There are other things to consider that may be more personal such as how each chapter affects unsecured and secured debt and whether it stops or prevents foreclosure. It's ultimately up to you to make this decision, but know that there are alternatives to filing for bankruptcy and even if you do, it's no the end and you will recover.

Let's Recap

No matter what your situation, bankruptcy is not the end of the road and you will recover from it if you chose to file. That being said, there are alternatives to filing for bankruptcy that can allow you to avoid personal bankruptcy on your credit reports, get you on a path to paying creditors what you owe, and avoiding bankruptcy attorney fees.

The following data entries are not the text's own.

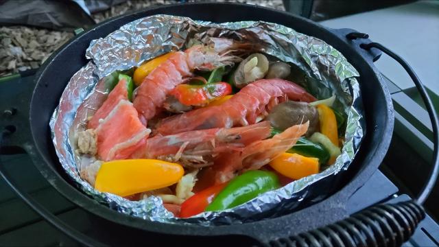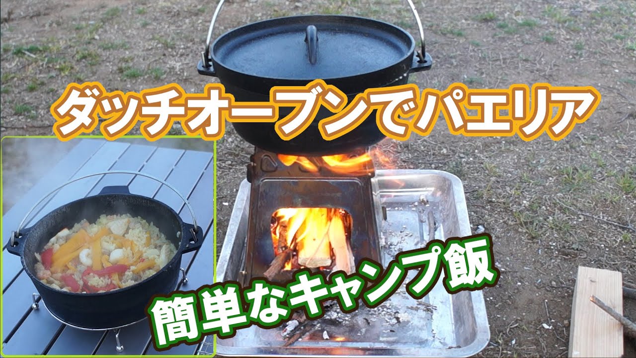 キャンプ飯 ダッチオーブンでシーフードパエリア - YouTube。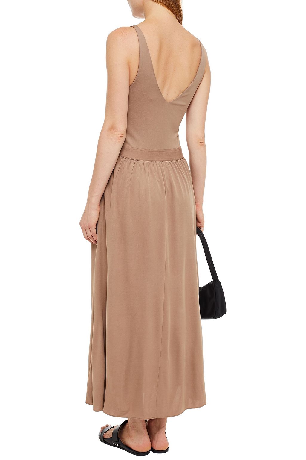 Gathered crepe de chine midi dress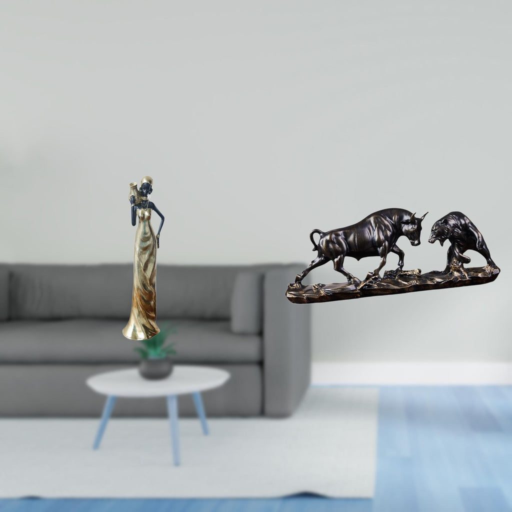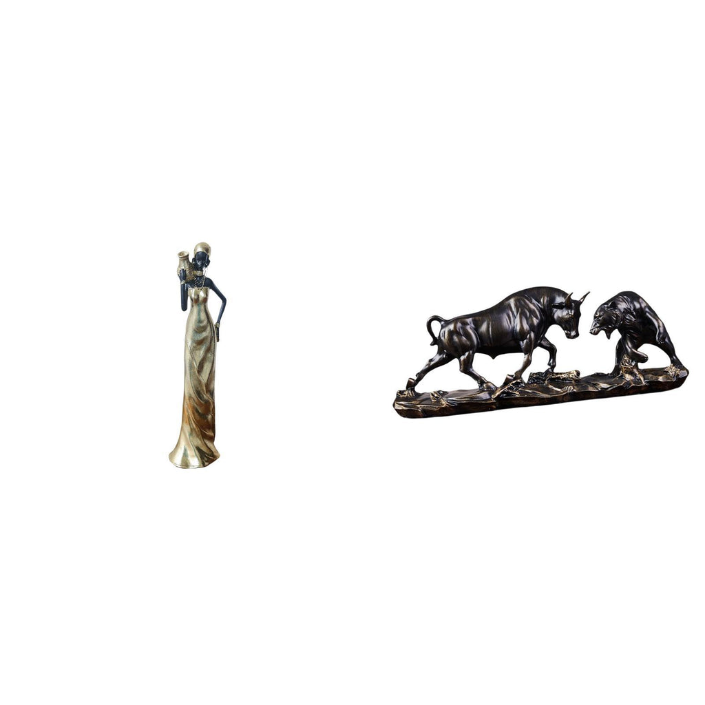 African Tribal Lady Sculpture Modern Bull Figurine Feng Shui Bear Cow Cattle Statue Lightweight Decorative Artwork for Home Hotels Desk Birthdays Gifts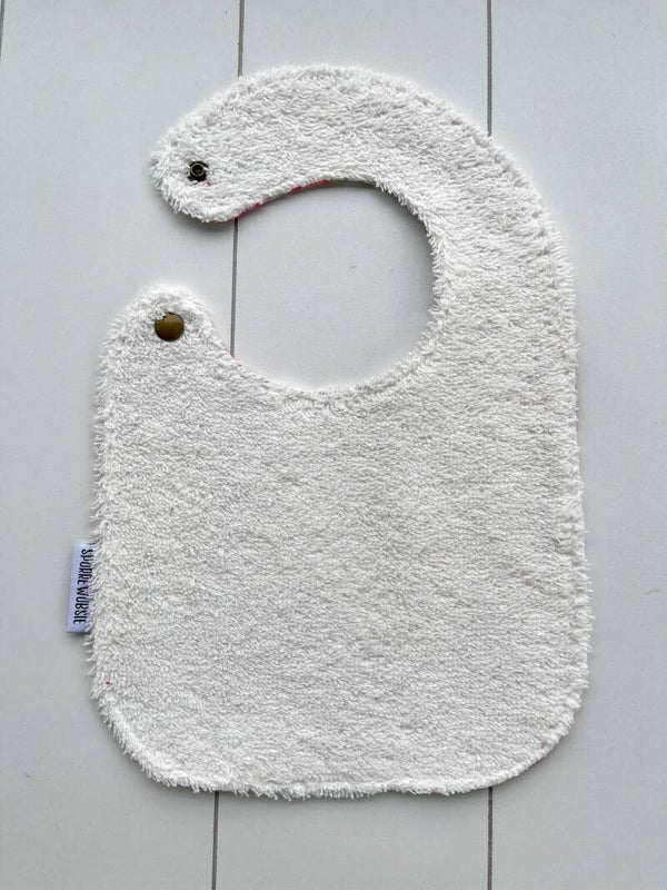 Slabbetje uit katoen, met badstof of wafelstof als achterkant. Het slabbetje kan langs beide kanten gedragen worden.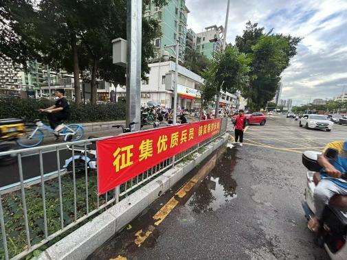 户外,社区以在小组悬挂横幅、社区电子屏滚动播放宣传标语的形式,营造应征氛围,提高征兵的知晓率。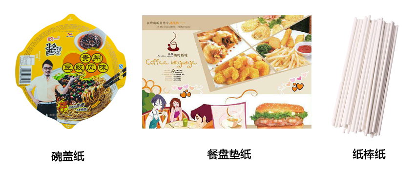 产品克重范围25-80g/m?,有白色、本色等,具有强度高,印刷效果好,防潮、防粘、防霉等特点,分内包装和外包装两大类,多用于制作食品袋、餐盘垫纸、干燥剂袋、酒精干湿包等,覆膜和铝箔后可作为桶装大碗面碗盖使用。

There are various chapters of the United States Bankruptcy Code that apply to different types of bankruptcy protection. Chapter 7 applies to individuals and leads to the liquidation of all your assets to pay off debts with your unsecured debt, like credit cards, being forgiven. Chapter 13 involves the reorganization of your debt in the form of a payment plan and a court-ordered budget. These are the most common and the ones that apply widely to individuals.

You can avoid filing for bankruptcy by creating a budget, finding ways to increase your income, selling valuable items you own to repay debts, and truly finding a way to manage your finances. Debt and bankruptcy are not the end of the road.